6-го марта ген. Мищенко прибыл с главными силами своего отряда в Видчжу на реке Ялу. «Наше отступление, — доносит Мищенко, — произвело на корейцев неблагоприятное впечатление». Но — что было гораздо хуже, — это то, что соприкосновение с противником было потеряно, так что положение вещей осталось то же самое, как оно было до посылки этой конницы, в полной безвестности и тумане относительно противника.

Наместник, от которого ген. Линевич не спрашивал никаких указаний относительно отозвания кавалерии, был крайне недоволен этим распоряжением, но, со своей стороны, не отменил его, ввиду того, что не желал отменить приказание исполнявшего должность командующего армией. Такая деликатность со стороны наместника в данном случае едва ли была уместна. Можно было думать, что и он, со своей стороны, не решается брать на себя категорическое решение и отдавать соответствующие определённые приказания, требуемые обстановкой. Всё же наместник передал ген. Линевичу приказание, в котором он требовал «предписать генералу Мищенко снова войти в связь с противником».

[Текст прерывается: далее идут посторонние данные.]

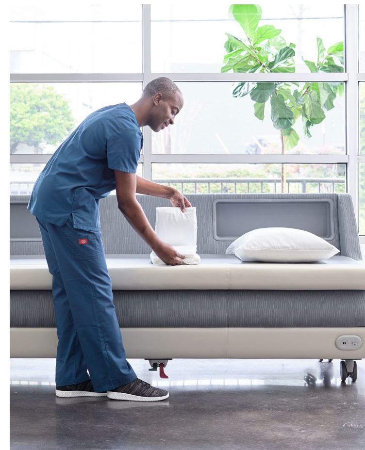
Molded foam with sinuous springs provide additional comfort for visitors
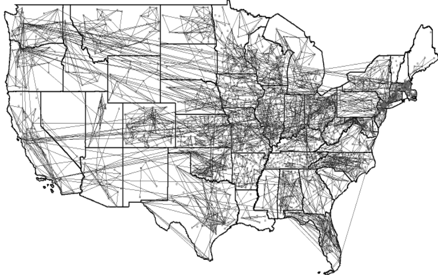
a) health officials' information network

Тем временем отряд ген. Мищенко был усилен Уссурийским казачьим полком, так что он состоял из 18-ти сотен и 1-й конной охотничьей команды. По требованию начальника штаба наместника ген. Мищенко выдвинул вперёд 5 сотен в виде разъездов по направлению на Сенчен и Куйзенг, а сам он 11-го марта, по-видимому, по настойчивому требованию наместника, опять двинулся вперёд из Видчжу на Анжу, оставив на месте казачью батарею, которая, по мнению Мищенко, не была достаточно подвижна в горах. Из состава 1-й японской армии в Корее в то время находилась всё ещё одна 12-я дивизия, от которой во время выступления из Видчжу был выслан вперёд отряд в составе батальона и двух эскадронов, который занял Анжу, остальные части 12-й дивизии находились на пути из Сеула в Пхеньян.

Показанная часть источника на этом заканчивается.